After returning from vacation yesterday, I was intending to go to class today, making ½ a week instead of 1/4. But I had not recovered from yesterday's return journey, I guess, because my brain was COMPLETELY incapable of performing math (logic?) this morning. I thought about when I had to leave the house to reach the bus stop by 7:25 for at least 15 minutes without ever figuring it out, and ended up reaching the bus stop at 7:29. The next bus wouldn't have come until 8:45 and I decided I should just go back to bed instead. I then slept until 4 pm, so that was probably necessary.
Yesterday we took a cab to the airport at 4:30 am in London time, and it was somehow a cab that didn't take credit cards, which was a thing that my innocent Finnish wife had previously not suspected the existence of. At Heathrow, we walked through a brief zone of free wifi just large enough for waxjism
to learn the Hawks lost and Hossa was injured, at which point the lingering threat of lurgy coalesced into full-blown misery. She spent the rest of the trip in a little huddle, occasionally emitting moans about either a) nausea or b) I JUST HATE THE BRUINS SO MUCH WHYYYYY. Then we had a ~3hr layover in Stockholm and our flight to Helsinki was delayed, so we didn't get out of there until 14.50 local (time since waking: ~10 hours). In Helsinki, during the ½ hour we waited for the bus, it started raining briefly but determinedly - just enough to get us all wet when embarking. I think we got home around 8:30 pm (time since waking: ~14½ hours).

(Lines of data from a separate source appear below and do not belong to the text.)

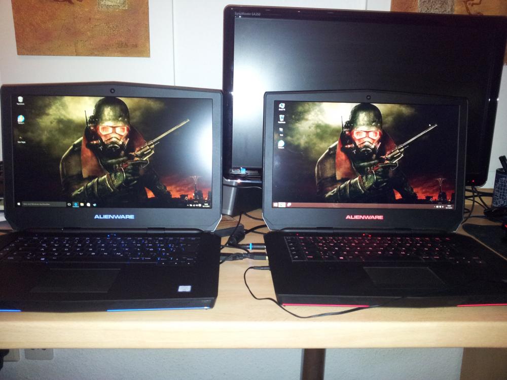 Guten Abend zusammen, der neue AW15 R2 ist heute angekommen und ich bin natürlich nun schon ein wenig am testen. Im Prinzip kann ich alles bestätigen, was bereits bei Notebookcheck über ihn zu lesen ist. Die wichtigste Frage war wohl jene nach dem Display, dass nun ja doch um einige Nits' ärmer geworden ist als zuvor. Ich habe ihn direkt neben den R1 gestellt, mit ein und dem selben Hintergrundbild und so laifenhaft den Unterschied "gemessen". Insgesamt ist der R2 (wohl wenig überraschend) tatsächlich etwas dunkler. Besonders gut bei starken Lichtquellen (auch wenig überraschend) zu erkennen. Insgesamt muss ich aber sagen, dass es keine sonderlich hohe Einschränkung darstellt, zumindest gefühlt. Sofern ich irgendwelche Tests an dem Gerät durchführen soll, lasst mich einfach wissen mit welchem Tool und unter welchen Einstellungen, dann poste ich die Ergebnisse. Der R2 von mir hat folgende Specs: Intel i7 (6820 HK) 16gb Ram (DDR4) GTX 980M SSD 256 GB Windows 10 Links R2, Rechts R1 -
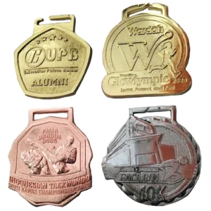 Layanan kami menyediakan medali dalam tiga warna utama — emas, perak, dan perunggu — sehingga sangat cocok untuk event juara 1, 2, 3. Sebagai contoh, produk medali emas tersedia dengan bahan kuningan & sepuh emas/perak/perunggu.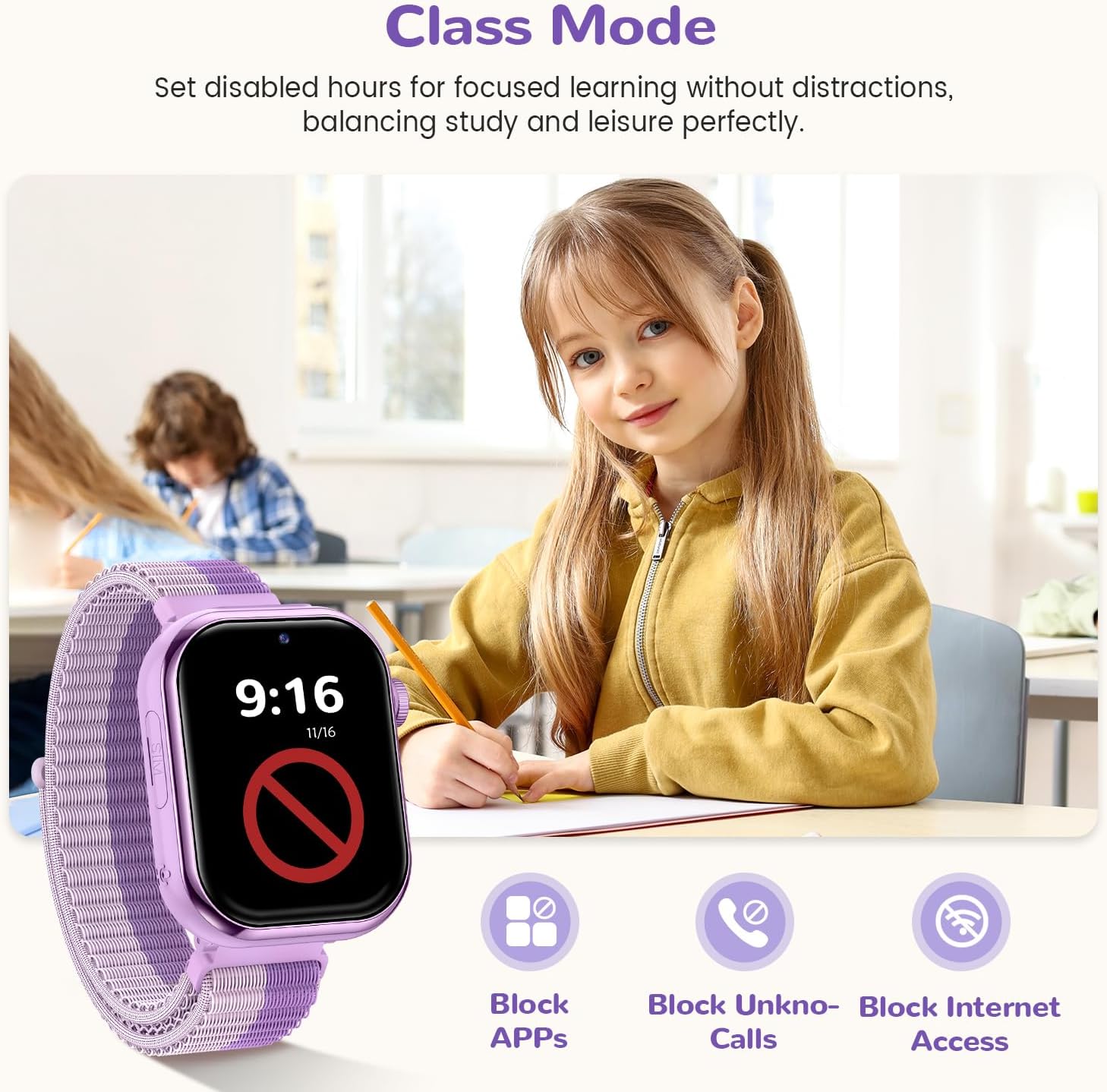 • Училищен режим за концентрирано учене: Родителите могат да зададат четири различни периода в „училищен режим“. Детският смарт часовник с GPS и SIM карта автоматично блокира игри, съобщения и обаждания през тези периоди и поддържа само показването на времето. Така децата могат да се фокусират и да учат ефективно. След час всички функции се възобновяват автоматично, което улеснява превключването между учене и почивка. Така децата могат да се фокусират по-добре, а родителите да се тревожат по-малко.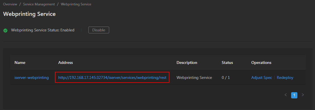 - Address: Provide the link of Web Printing Service, click the link to enter Web Printing Service interface.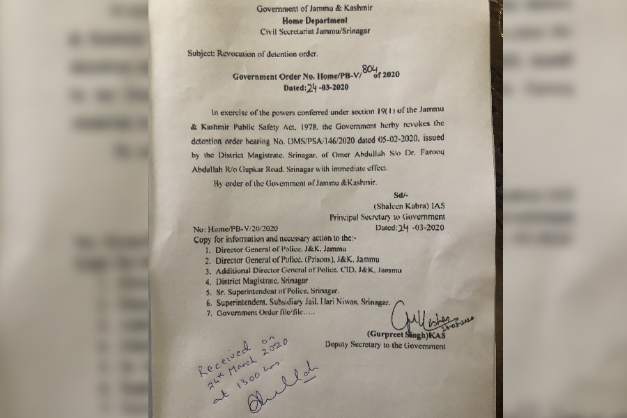 In the evening, a staffer at the Srinagar district magistrate’s office, accompanied by a police officer, turned up with a detention order for Abdullah.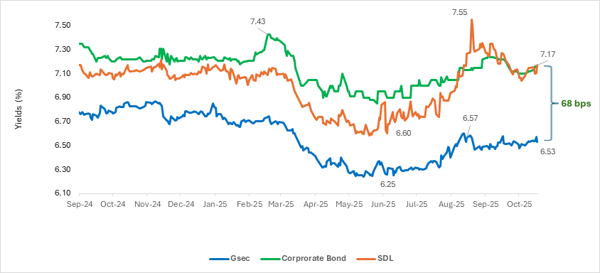 Source: Bloomberg. Above data is for the yields on the 10- year maturity of respective bond for the last twelve months - September 2024 to October 2025. Data on corporate bond yields is for AAA PSU corporate bonds.
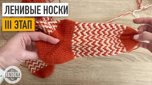 Ленивые носки от мыска спицами. III этап (пятка бумеранг)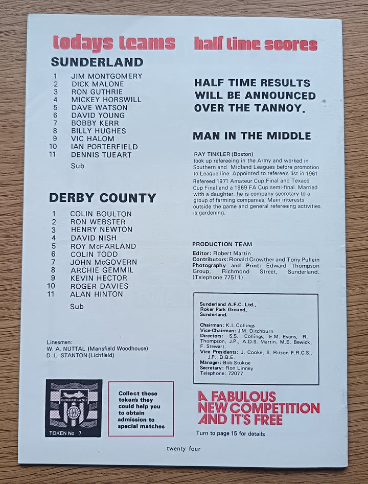Sunderland v Derby County 1973/4 FLC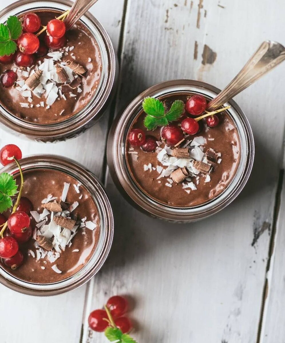 ) 🔻Сладкий полезный перекус без сахара, муки и выпечки 🍫 Готовим вечером — едим утром. Идеально, когда хочется десерта, но не хочется срывать метаболизм. 📝 Ингредиенты (на 2 порции) 🔻Семена чиа (белые или чёрные) 4 ст. ложки 🔻Молоко (кокосовое, миндальное или обычное 2,5–3,2%) 300 мл 🔻Банан спелый 1 шт. (около 120 г) 🔻Какао-порошок без сахара 2 ст. ложки 🔻Ягоды замороженные (черника, малина, клубника) 100 г 🔻Ваниль или корица (по желанию) 1 щепотка 🔻Для посыпки (по желанию): кокосовая стружка, дроблёный миндаль, тёмный шоколад 75%+ по вкусу ⏱️ Приготовление (10 минут + ночь в холодильнике) 1. Ягодный слой Ягоды разморозить (или взять свежие), размять вилкой с 1 ч. ложкой воды до состояния пюре. Разложить пюре по дну или (оставить на середину)двух стаканов или небольших банок (200–250 мл). 2. Шоколадный слой В блендере смешать: молоко, банан, какао, ваниль. Взбить 30 секунд. Всыпать семена чиа, перемешать ложкой. 3. Сборка: Аккуратно вылить шоколадную смесь поверх ягодн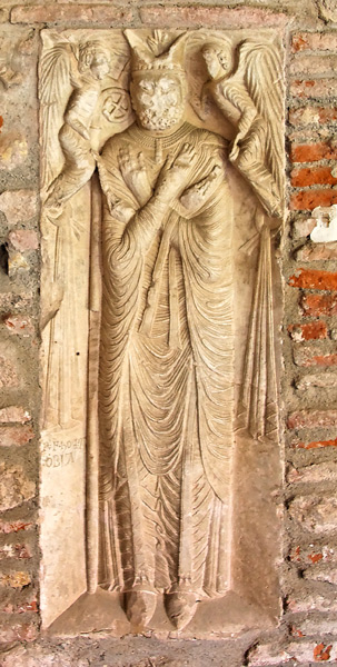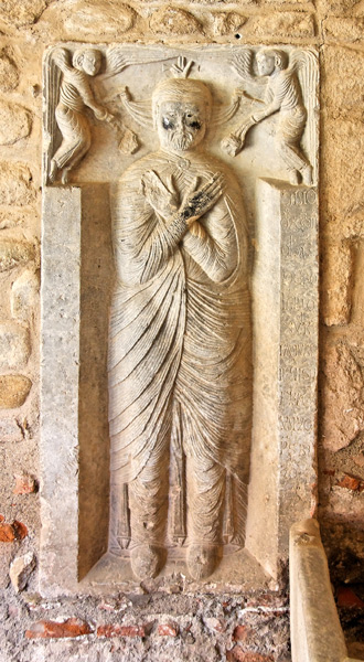Remarquez également les ailes des anges. A gauche, la pierre tombale en marbre blanc d'un évêque qui est peut-être Guillem d'Ortaffà (R. Grau, 1996). A droite, celle de F. de Soler, décédé le 16 janvier 1203, provenant du prieuré de l'Eule au Soler.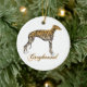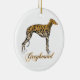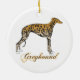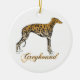 Röd brindle greyhound på keramisk julprydnad med texten "Greyhound".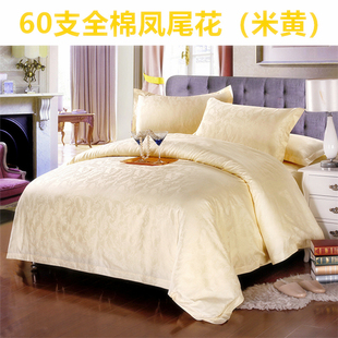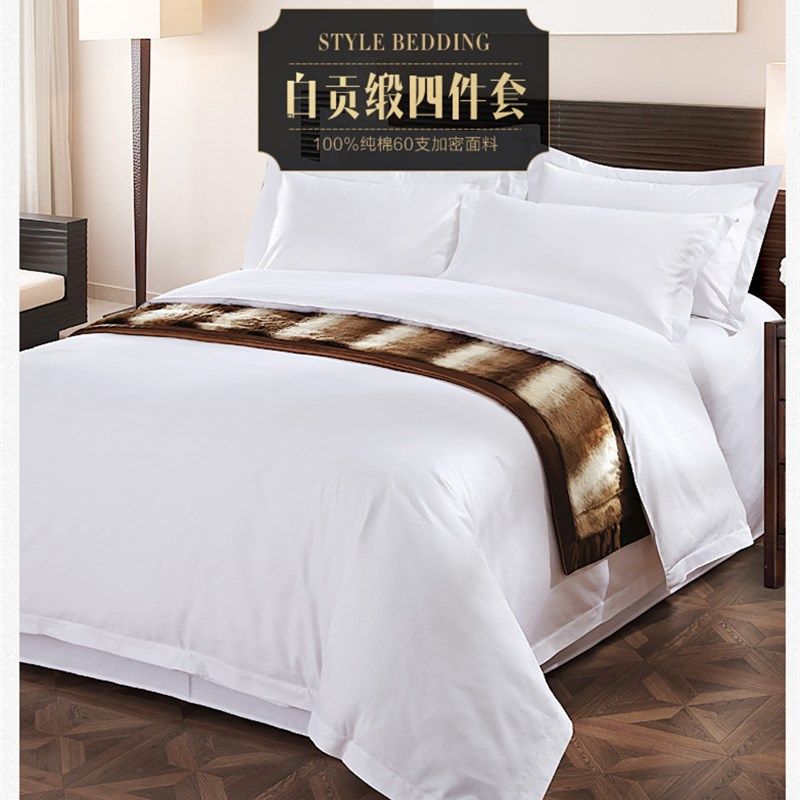 星级酒店宾馆三四件套60支全棉白色贡缎提花床上用品被套床单 包邮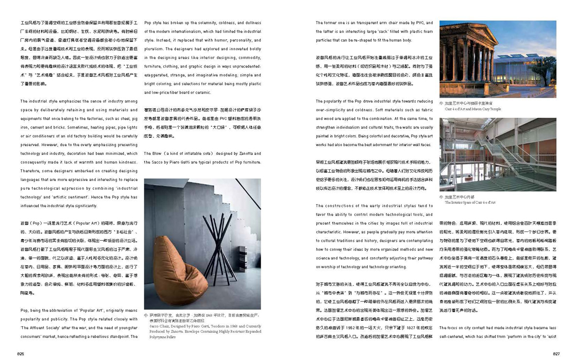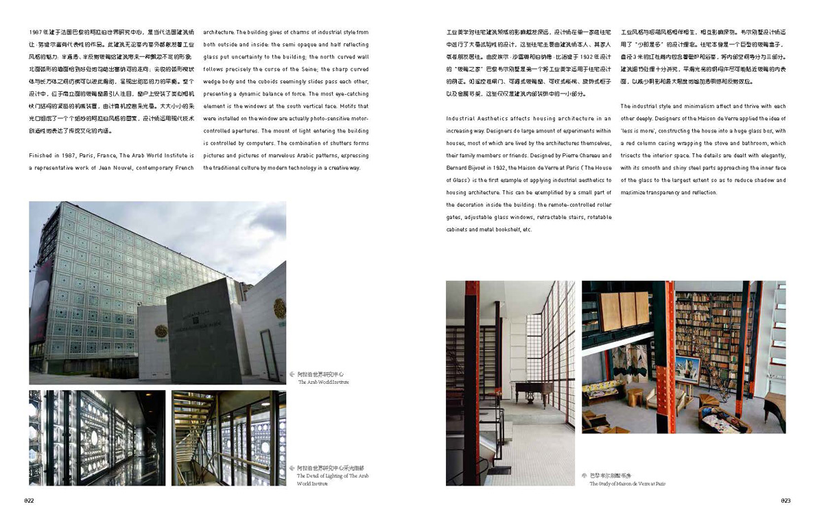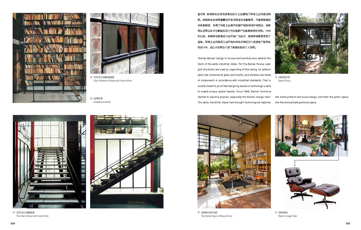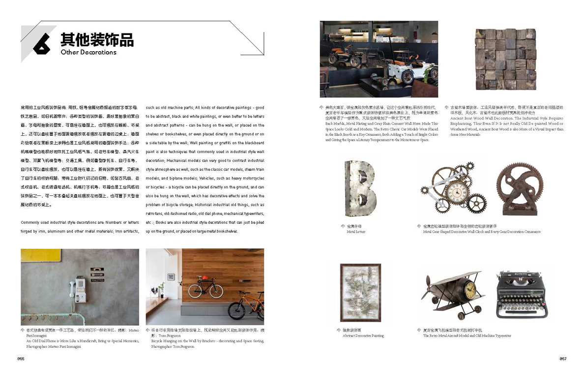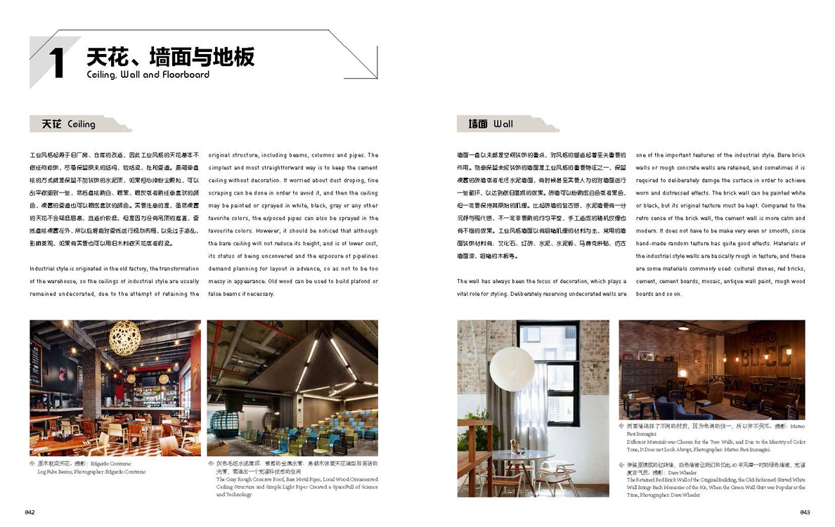 了解了工业风格的发展轨迹之后,也就不难理解工业风格元素的直白以及强烈的质感。在第二章,可以从细节元素的分类讲解中,更深入地了解到带有工业风格烙印的室内装饰物、家具、布艺等,材质与色彩的多种组合方式,也会塑造出室内变化多样的工业风。尤其是后半部分大量的实景案例的集中呈现,会将这种感受变得直观化,相信会给读者朋友们开拓更广的视野和思路。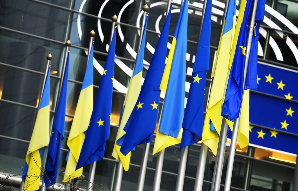 - p: Y- p/ X3 P4 _; _/ ? H! J公仔箱論壇烏克蘭局勢:2022年3月1日,位於比利時布魯塞爾的歐洲議會舉行的烏克蘭問題特別全體會議之前,烏克蘭和歐盟的旗幟懸掛在大樓外部。3月1日歐洲議會發聲明稱,已通過一項決議,呼籲歐盟機構「努力授予」烏克蘭歐盟候選國地位。(AP)8 ]3 n4 v1 K7 ~# ?$ f; r

I actually did sleep about 7 hours last night, but it wasn't enough to recover I guess. I can't help feeling that one of the greatest benefits of being rich would be the ability to afford direct Finnair flights from Turku, which would have made the whole transit time like 5 hours, counting the time in a cab between London and Heathrow.
Oh, and Sofi Oksanen
was on our flight from Stockholm to Helsinki. In first class, naturally. She's so tiny and hot and her hair is so thoroughly amazing in person. But I can't help wondering whether she is really that dedicated to sparkle motion, or whether her anatomy is sufficiently different from mine that she actually finds fishnets over back-seam stockings under knee-high Dr Martens to be comfortable for riding on airplanes.Vacation disaster rating:
nowhere near as awful as the Vacation from Hell
! No flights were interfered with in a significant way, everyone was in the correct countries, no spurious charges of drug use, nobody required to visit the hospital* and no comas fallen into whatsoever.Biggest mishap:
I didn't pack warm clothes or an extra suitcase, and was freezing cold a lot because I didn't realize that "high 19°, low 11°, cloudy/chance of rain" for London was, in terms of coldness, more similar to "Windy, sun never comes out, feels like ~7° in Turku all day and all night" than to the 11-19° week we'd just had here. I should have worn knee-high Dr Martens and my lightweight wool winter coat the day of the wedding. English houses:
Still colder on the inside than Finnish ones, still not properly insulated, but the B&B was cosy and not damp at all, so only the bathroom, which was kept at +10° C and not fitted with an exhaust fan, requiring the window to be opened to out-of-doors after a shower, was actively freezing. The bed was nice. Bexless's house was lovely and no colder than the house of my brother-in-law. I can only assume that all British people would find our flat's ambient non-summer temperatures like a visit to the tropics. London:
A collection of meandering, too-narrow tracks and lanes, each approximately 1-3 blocks in length, intersecting each other in increasingly improbable manner, obviously laid out by malevolent and drunken cowherds. Like Helsinki, but 100x worse. Buildings running the gamut from tiny rowhouses to tiny narrow rowhouses to improbably tall and skinny narrow rowhouses to really large rowhouses to giant buildings that take up the entire block yet are still somewhat like rowhouses because of being built directly into the building next door at every opportunity.Craziest stop:
We had cake with the brides at an adorable cakeshop where the sole toilet dated directly from the Victorian era, and was located in a dilapidated and thoroughly alarming closet. The closet was reached through a little hallway with no other purpose, and the hallway was decorated with a giant poster that said "OUT OF ORDER", so I unwisely assumed it meant that the toilet was out of order and spent like 5 minutes wandering down and up (to an attic full of abandoned industrial kitchens??? With all the doors open. Seriously) in futile search for an alternate toilet.
* When I say nobody had to go to the hospital, I'm not lying; however, Bexless did break her 2nd toe.